The emerging-markets gauge has risen 8.4 percent this year and trades at 11.3 times projected 12-month earnings, near the most expensive level since 2011, data compiled by Bloomberg show. The MSCI World Index of developed nations has gained 5 percent and is valued at a multiple of 15.


Cnooc Gains

Five out of 10 industry groups in the developing-nation gauge rose today, paced by health-care shares. Cnooc Ltd. added 2.9 percent in Hong Kong after first-half profit at China’s biggest offshore energy producer beat estimates.

Egyptian stocks yesterday posted their second monthly advance in a row.
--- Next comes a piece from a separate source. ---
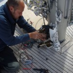 Donnerstag kam der Techniker dann wie versprochen (mit nur einer Stunde Verspätung) an Bord und brachte die reparierte Masteinheit wieder. Flink wie ein Wiesel bin ich auf den Mast gestiegen, habe das Teil wieder an seinen angestammten Platz gesetzt und siehe da…..alles funktioniert wieder .

The gauge has increased 11 percent following former army chief Abdel-Fattah El-Sisi’s election victory in late May. El-Sisi, who ousted former president Mohamed Mursi in July last year, has made restoring order in the politically unstable country one of his top objectives.

The WIG30 Index added 0.1 percent today, extending its August gain to 3.9 percent. Data today showed Poland’s second- quarter gross domestic product expanded 3.3 percent from a year earlier, topping a preliminary estimate of 3.2 percent reported on Aug. 14.


Hungary Growth

Hungary’s BUX Index increased as much as 1 percent, taking its monthly gain to 1.3 percent. The nation’s economy will expand 2.9 percent in 2014, according to the latest Bloomberg News survey of analysts conducted from Aug. 22 to Aug. 27.
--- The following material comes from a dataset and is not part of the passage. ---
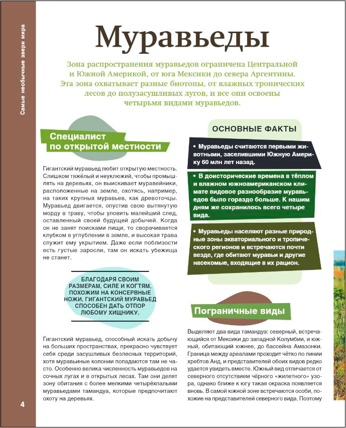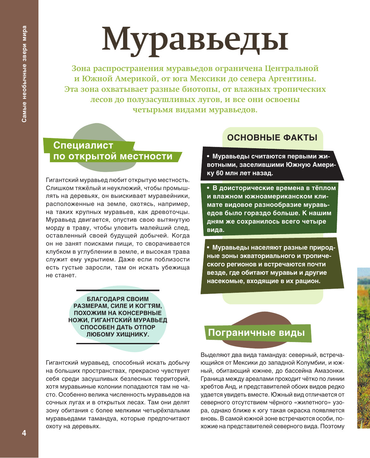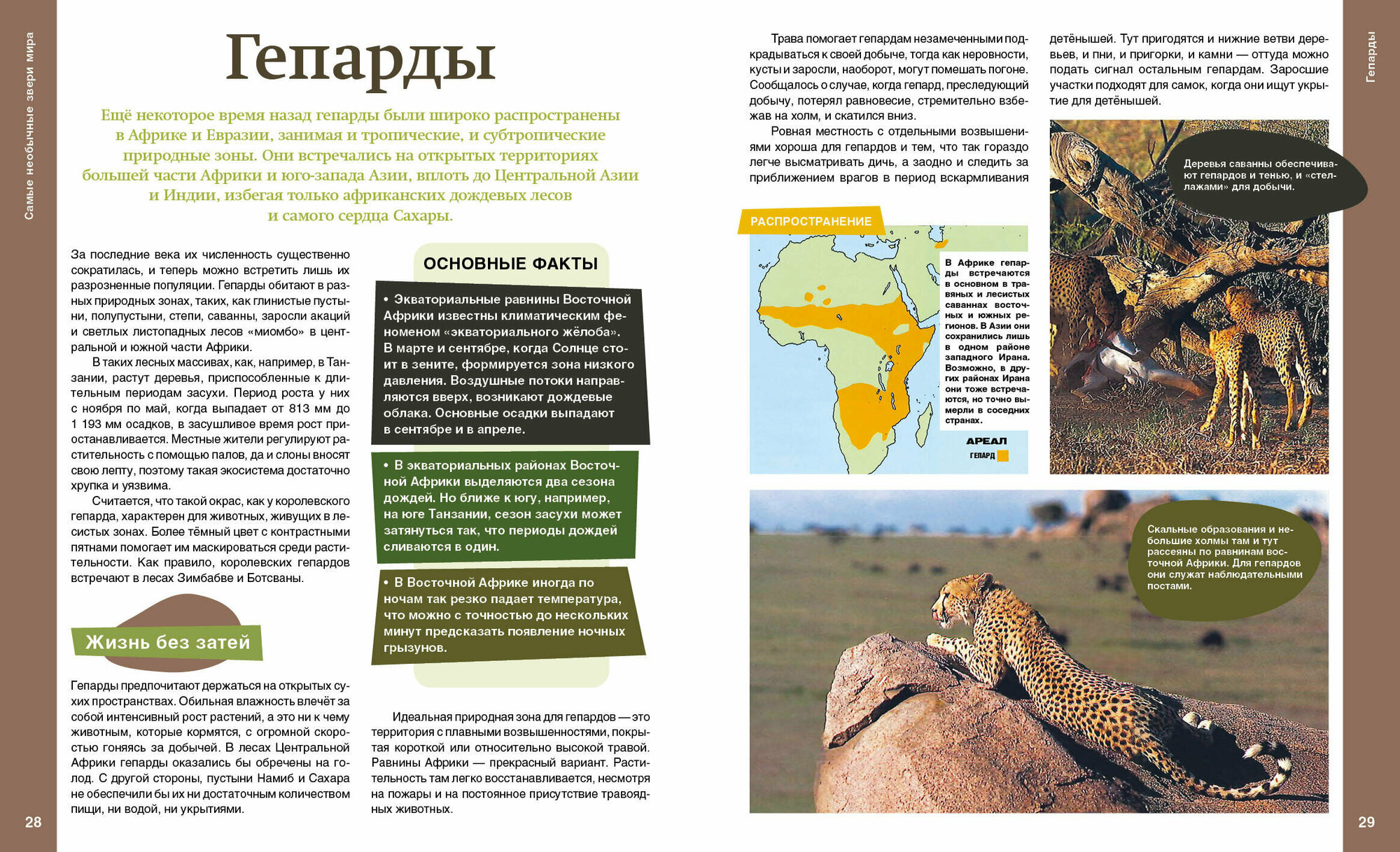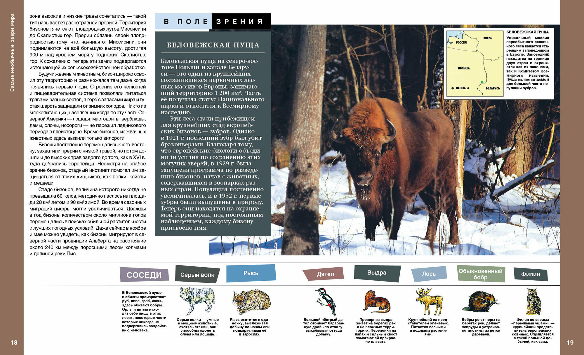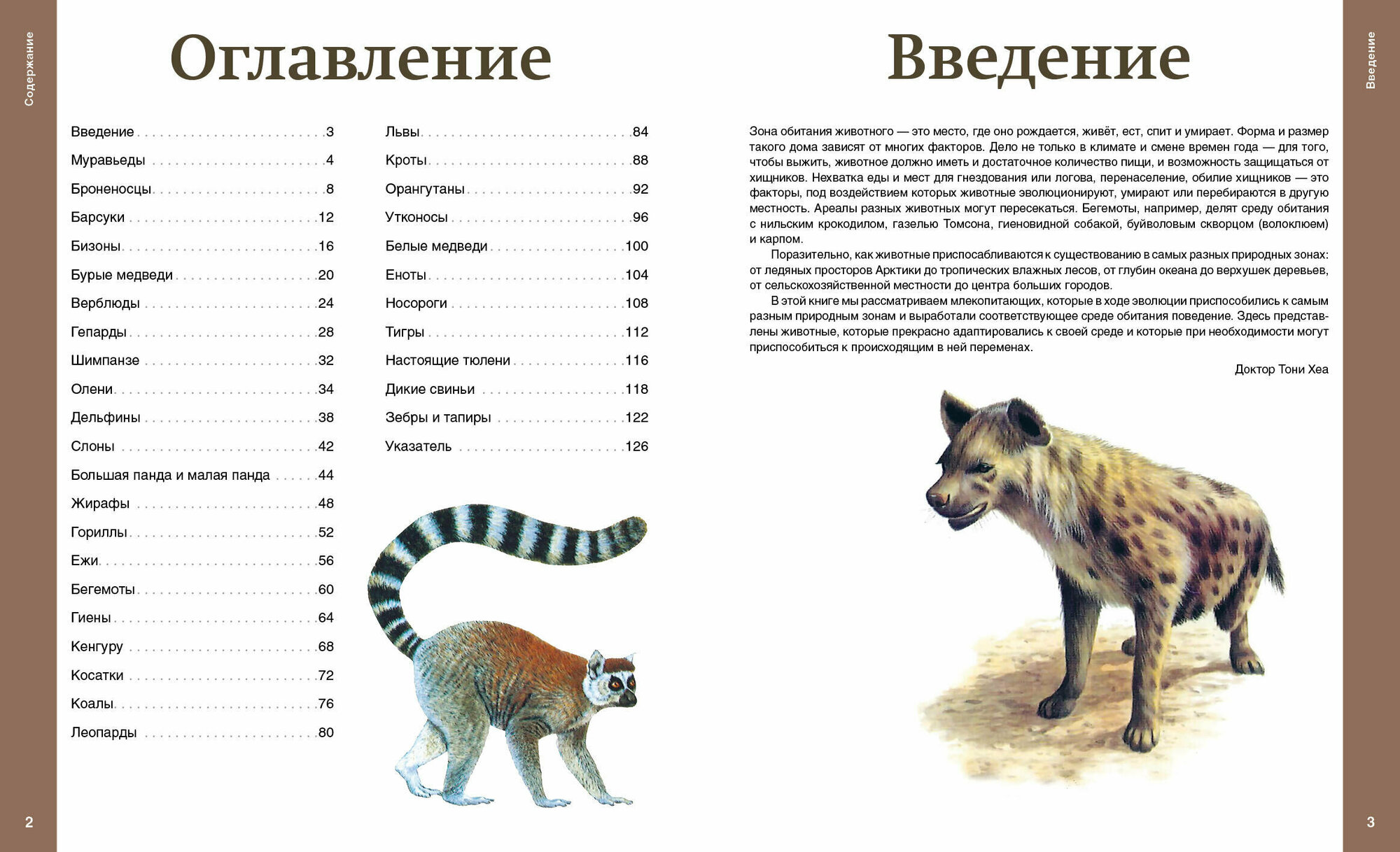 Вы узнаете, в каких ареалах обитает каждое животное, в том числе и на территории России, откроете для себя великолепные природные зоны — от Беловежской пущи до Серенгети. Необычный указатель книги сообщит читателям важную информацию о статусе видов животных согласно данным из Красной книги.

The ruble weakened for fourth day versus the dollar today, on course for a second monthly loss. The Micex Index lost 1.3 percent to the lowest level in two weeks on a closing basis, extending its decline since Russia annexed Ukraine’s Crimea in February to 2.7 percent.

The EU began talks in Moscow aimed at a temporary deal with Ukraine to allow natural-gas flows to resume, even as the bloc and the U.S. threatened Russian President Vladimir Putin with further sanctions.

Russia faces “more costs and consequences” as “has deliberately and repeatedly violated the sovereignty and territorial integrity” of Ukraine, U.S. President Barack Obama said yesterday.

More than 1,000 Russian troops are operating inside Ukraine, the North Atlantic Treaty Organization said yesterday. Ukrainian stocks slumped 10 percent in August, set to halt a four-month long rally.


China Stocks

The Hang Seng China Enterprises Index of mainland companies gained 0.3 percent today, trimming the first monthly loss in four. The Shanghai Composite Index rose 1 percent, extending its increase in August to 0.7 percent.

The Sensex advanced 2.9 percent in August after closing at a record yesterday. India’s markets are shut for a holiday today. Turkey’s Borsa Istanbul 100 Index, which is down 0.1 percent today, slipped 1.7 percent this month.

The premium investors demand to own developing-country debt over U.S. Treasuries narrowed one basis point to 279, according to JPMorgan Chase & Co. indexes.